Neptunium(IV) oxalate is a chemical compound made up of neptunium(IV) (Np(4+)) and oxalate (C2O4(2-)) ions with the formula Np(C2O4)2. It has been known at least since 1947. It is known to form several hydrates with formulas Np(C2O4)2*xH2O (x = 1, 2, 6). The hexahydrate (x = 6) is a highly insoluble solid prepared by adding oxalic acid to aqueous solutions containing neptunium(IV) and nitric acid, and forms green crystals. The structure of the compound was determined through X-ray diffraction.

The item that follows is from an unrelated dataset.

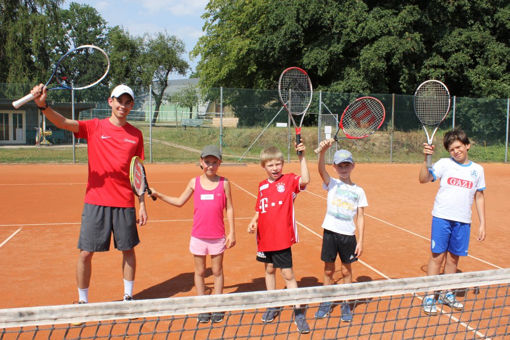 Sportwart Christian Behret (li.) mit den jungen Tennis-Schnupperern Foto: WH
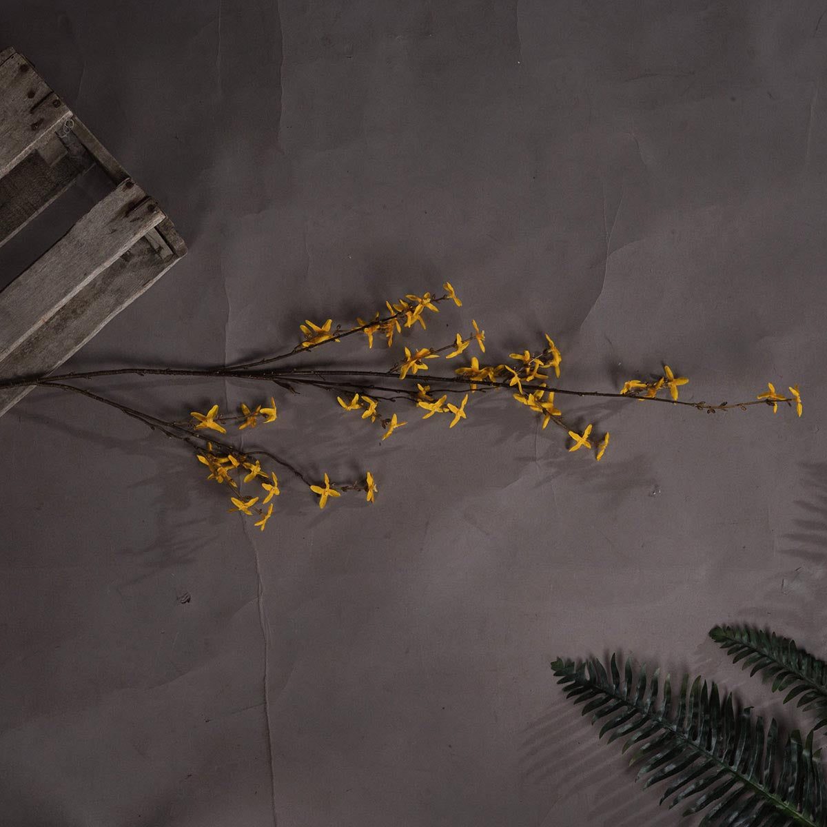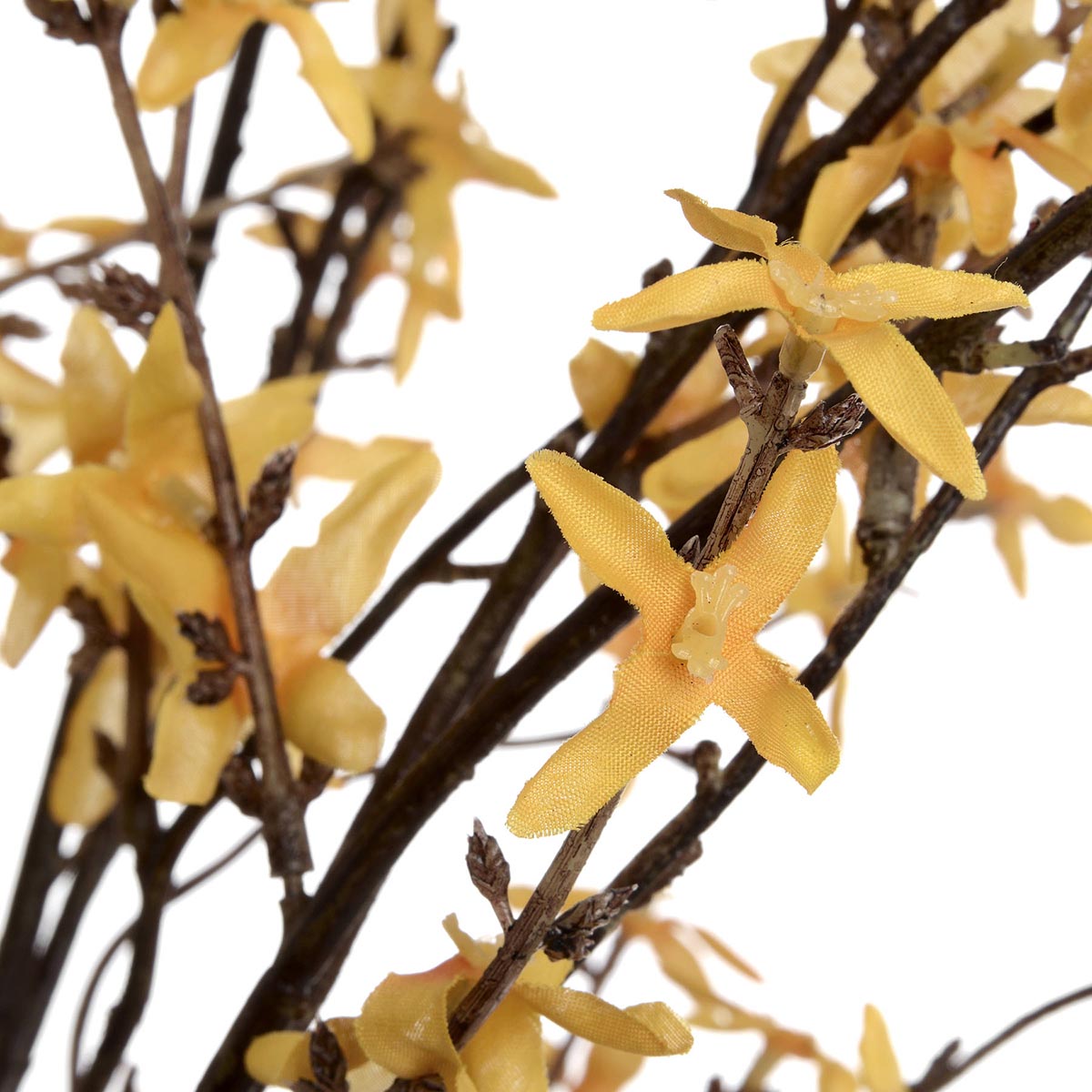 This artificial vibrant yellow forsythia is a high-quality, realistic faux flower for use in floral arrangements to brighten up your home decor.

At high temperatures, the hexahydrate decomposes, forming other hydrates and eventually neptunium(IV) oxide, NpO2. Due to this, the high-temperature calcination of neptunium(IV) oxalate is used to produce NpO2, which can be used for nuclear power applications or preparation of other neptunium compounds. Neptunium(IV) oxalate is also used to separate neptunium from other metals. The presence of neptunium in this compound causes it to be radioactive.

==Synthesis==

Neptunium(IV) oxalate production usually starts from neptunium-nitric acid (HNO3) solutions, though solutions with hydrochloric acid (HCl) can be used instead. The presence of higher neptunium oxidation states like +5 reduces the amount of oxalate filtered out, so it must be ensured that neptunium is in the +4 oxidation state in the initial nitric acid solution. Hydrazine (N2H4) or hydrazinium nitrate (N2H5NO3) is added to the initial solution to stabilize the +4 oxidation state and prevent oxidation. Iron(II) sulfamate (Fe(NH2SO3)2) or ascorbic acid (C6H8O6) is then added to reduce any neptunium(V) to neptunium(IV). With ascorbic acid, the reduction happens as follows:

2 NpO2(2+) + H2A -> 2 NpO2+ + A + 2 H+
2 NpO2+ + 6 H+ + H2A -> 2 Np(4+) + A + 4 H2O (Note: Here, H2A represents ascorbic acid (C6H8O6), and A represents dehydroascorbic acid (C6H6O6).)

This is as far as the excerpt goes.